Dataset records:
↓↓↓

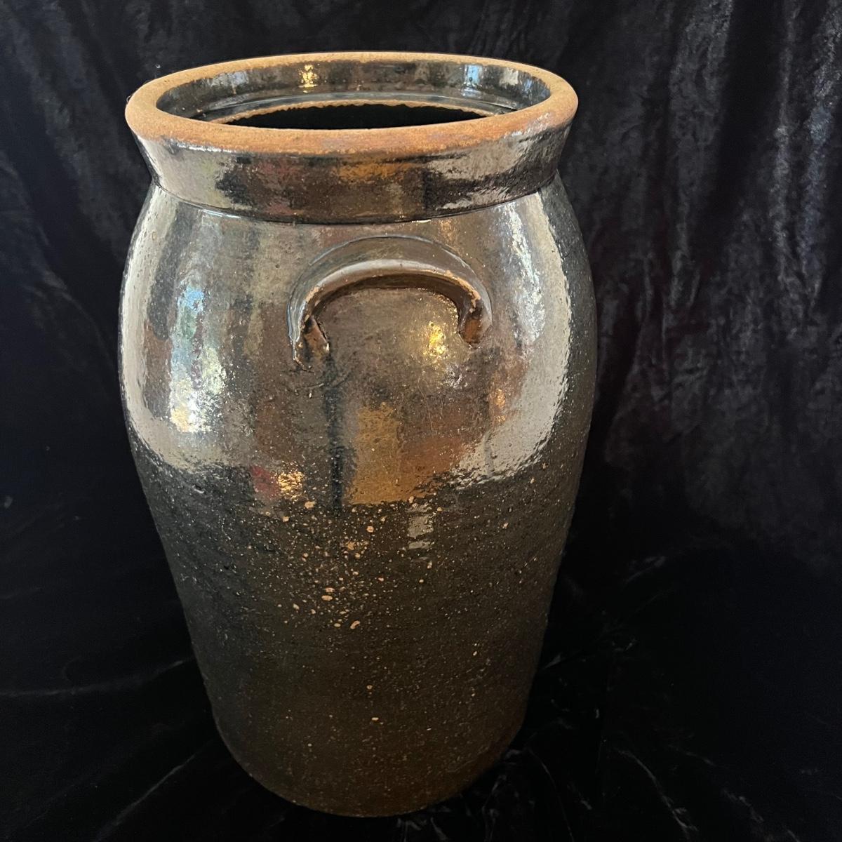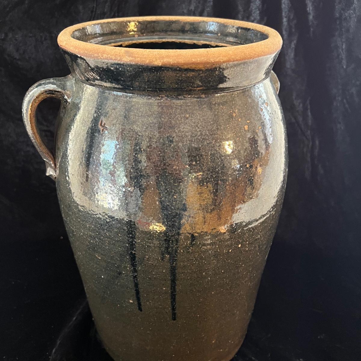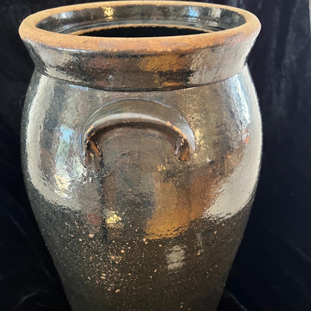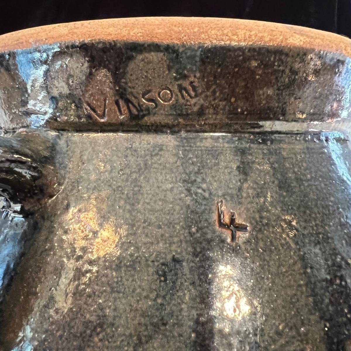 Beautiful traditional urn. Marked “Vinson 4” as shown in the pictures. The main glaze is a dark olive green with a black glaze dripping from the lid down the side as shown in the pictures. Please note the small chip at the bottom of the urn. It measures 15.5”H x 7.5”D. Shipping available. Shipping art can be costly. We suggest calling our local UPS with dimensions and getting an estimate before bidding: (828) 252-6930.
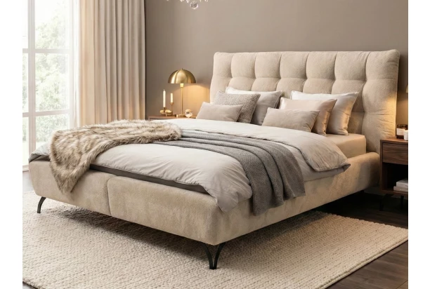 Atraktivní postel o velikosti lůžka 180×200 cm vytvoří útulnou atmosféru a pohodlí v každé moderní ložnici. Postel je vybavena výklopným roštem i praktickým úložným prostorem, který je přístupný z přední strany. Komfortně vypolstrované čelo doplňuje výrazný okrasný prošev a postel tak působí velmi luxusně. Postel na kovových nohách je očalouněna měkkoučkou látkou s delším vlasem v barvě béžová, která umocňuje útulnou atmodféru v prostoru ložnice.
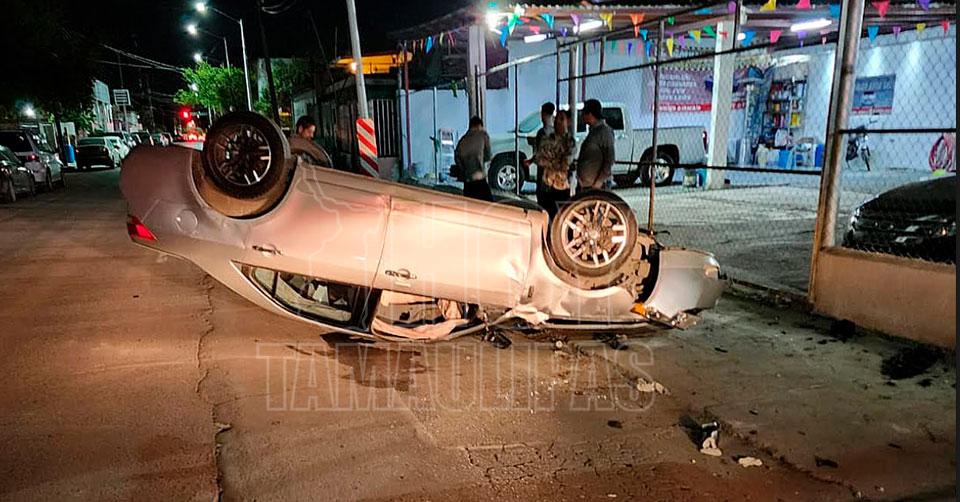 Burla alto, lo chocan y vuelca en Nuevo Laredo
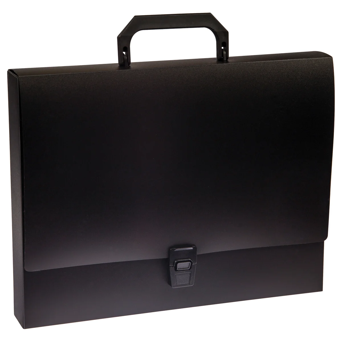 Папка-портфель на замке «СТАММ» формата А4 используется для хранения и перевозки большого количества документов. Размер: 321*248*40 мм, вместимость: 220 листов. Папка изготовлена из качественного пропилена толщиной 600 мкм. Цвет - чёрный. Портфель застегивается на замок, имеет пластиковую ручку чёрного цвета.
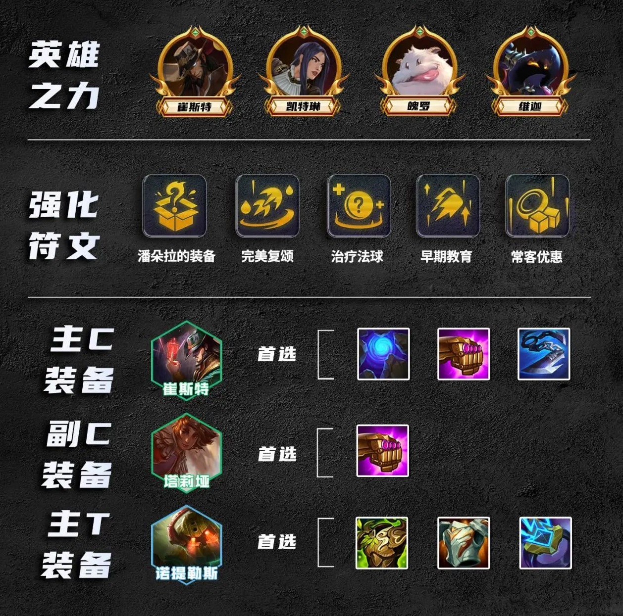 英雄之力建议选择崔斯特,由于阵容比较吃前排装备,可以说对装备要求较高,非常建议拿崔斯特第1个符文潘朵拉的装备,

↑↑↑

*Task to carry out*. Your copy of the entries should be exact and free of pictures.

*Written answer*.
 Beautiful traditional urn. Marked “Vinson 4” as shown in the pictures. The main glaze is a dark olive green with a black glaze dripping from the lid down the side as shown in the pictures. Please note the small chip at the bottom of the urn. It measures 15.5”H x 7.5”D. Shipping available. Shipping art can be costly. We suggest calling our local UPS with dimensions and getting an estimate before bidding: (828) 252-6930.
 Atraktivní postel o velikosti lůžka 180×200 cm vytvoří útulnou atmosféru a pohodlí v každé moderní ložnici. Postel je vybavena výklopným roštem i praktickým úložným prostorem, který je přístupný z přední strany. Komfortně vypolstrované čelo doplňuje výrazný okrasný prošev a postel tak působí velmi luxusně. Postel na kovových nohách je očalouněna měkkoučkou látkou s delším vlasem v barvě béžová, která umocňuje útulnou atmodféru v prostoru ložnice.
 Burla alto, lo chocan y vuelca en Nuevo Laredo
 Папка-портфель на замке «СТАММ» формата А4 используется для хранения и перевозки большого количества документов. Размер: 321*248*40 мм, вместимость: 220 листов. Папка изготовлена из качественного пропилена толщиной 600 мкм. Цвет - чёрный. Портфель застегивается на замок, имеет пластиковую ручку чёрного цвета.
 英雄之力建议选择崔斯特,由于阵容比较吃前排装备,可以说对装备要求较高,非常建议拿崔斯特第1个符文潘朵拉的装备,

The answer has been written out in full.